Rough code to create the index in second solution:
import Pickle
line_end_length = len('\n') # must be a better way to do this!
offset = 0
index = [] # probably a better structure to use than a list
f = open(filename)
for row in f:
nbr = float(row.split(' ')[0])
index.append([nbr, offset])
offset += len(row) + line_end_length
Pickle.dump(index, open('filename.idx', 'wb')) # saves it for future use
Now, you can perform a binary search on the list. There's probably a much better data structure to use for accruing the index values than a list, but I'd have to read up on the various collection types.
Since you want to match the first field, you can use gawk:
$ gawk '{if ($1 >= 15 && $1 <= 25) { print }; if ($1 > 25) { exit }}' your_file
Edit: Taking a file with 261,775,557 lines that is 2.5 GiB big, searching for lines 50,010,015 to 50,010,025 this takes 27 seconds on my Intel(R) Core(TM) i7 CPU 860 # 2.80GHz. Sounds good enough for me.

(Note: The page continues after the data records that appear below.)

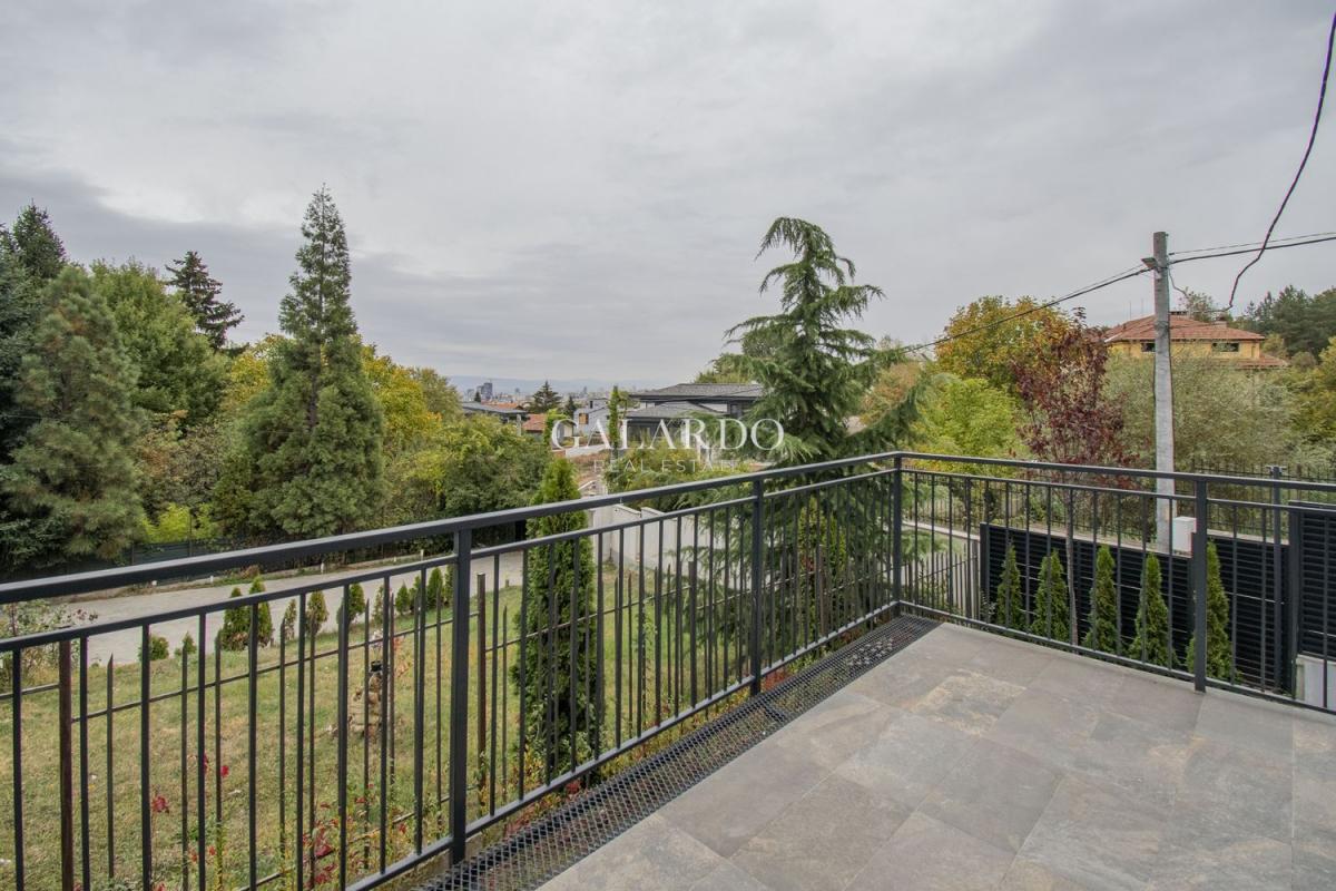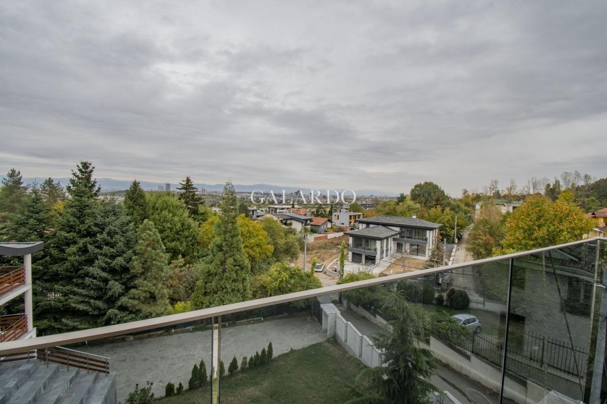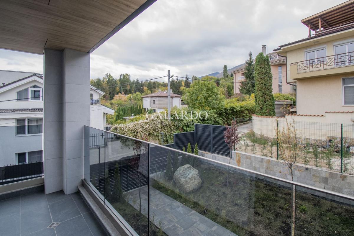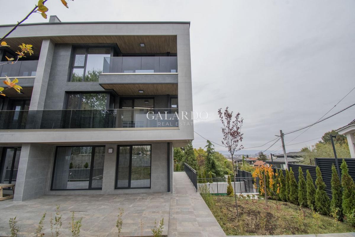 Galardo Real Estate представя чисто нова, напълно обзаведена редова къща, част от малък комплекс в Бояна, състоящ се от общо три къщи, като за общо ползване се предоставя басейн и барбекю. Къщата е крайна, изпълнена изцяло по дизайнерски проект до най-малкия детайл. Използваните материали и обзавеждане са висок клас, техниката е на марките NEFF и AEG.Отоплението и охлаждането се извършват чрез термопомпа Mitsubishi. От имота се открива панорамна гледка към Витоша и града, а локацията осигурява бърз достъп до Околовръстен път и бул.България!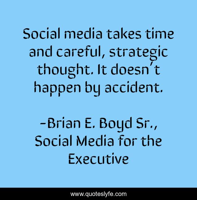 "Brian E. Boyd Sr., Social Media for the Executive Quotes." Quoteslyfe.com, 2025. Sat. 06 Dec. 2025. <https://www.quoteslyfe.com/quote/Social-media-takes-time-and-careful-strategic-128978>.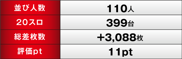 パチスロ全体では、トータルで+3,088枚の差枚を記録。デビューから続く連勝をさらに伸ばした。また、前回よりはダウンしてしまったが、評価ptも11ptを獲得。ファンの期待に応えたのであった。
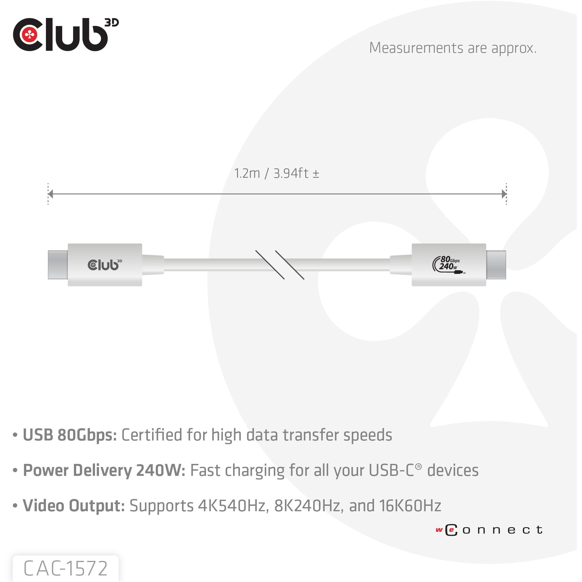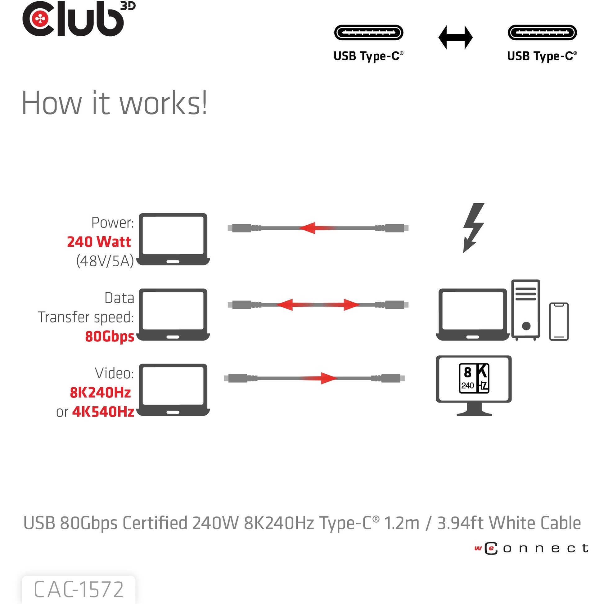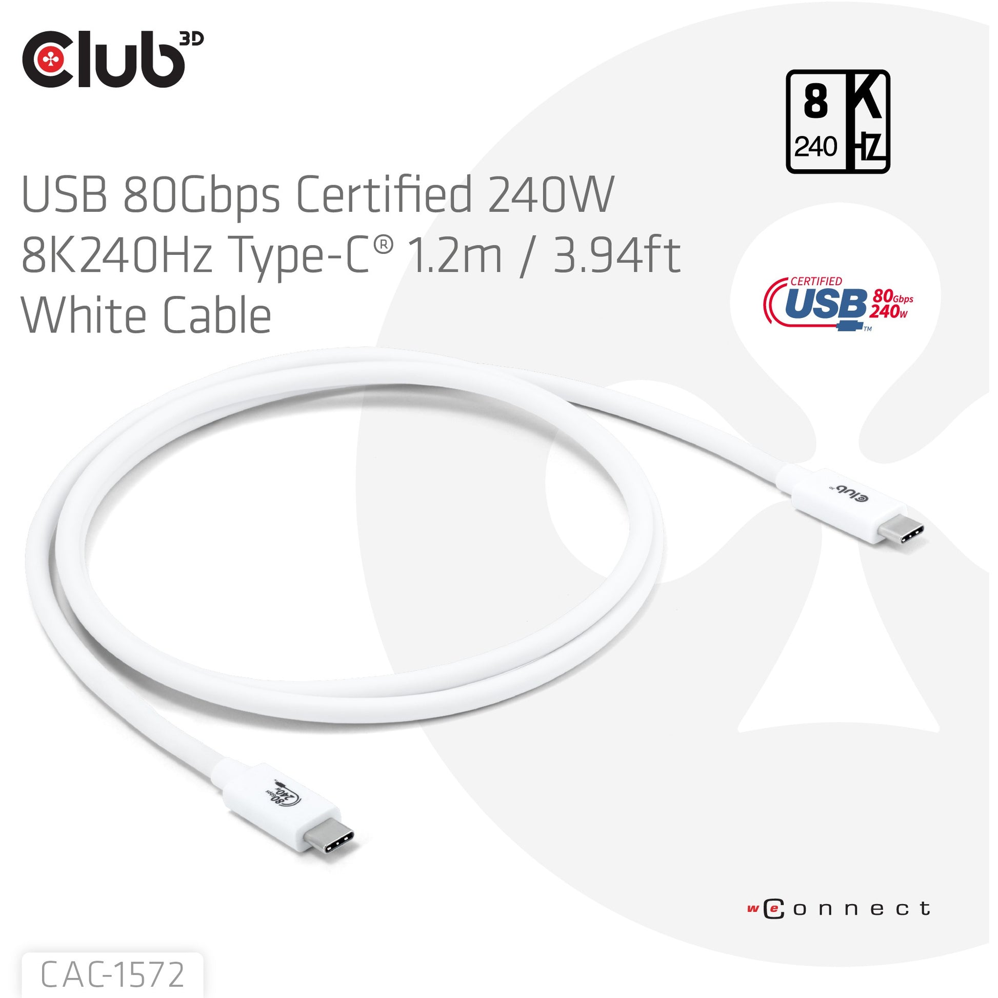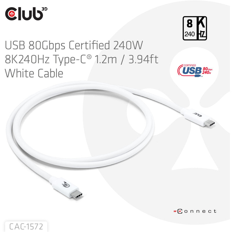 CLUB3D USB 80Gbps Certified 240W 8K240Hz Type-C® 1.2m / 3.94ft White Cable

In order to find the line that starts with the number just above your lower limit, you have to go through the file line by line until you find that line. No other way, i.e. all data in the file has to be read and parsed for newline characters.
We have to run this search up to the first line that exceeds your upper limit and stop. Hence, it helps that the file is already sorted. This code will hopefully help:
with open(outpath) as outfile:
with open(inpath) as infile:
for line in infile:
t = float(line.split()[0])
if lower_limit <= t <= upper_limit:
outfile.write(line)
elif t > upper_limit:
break
I think theoretically there is no other option.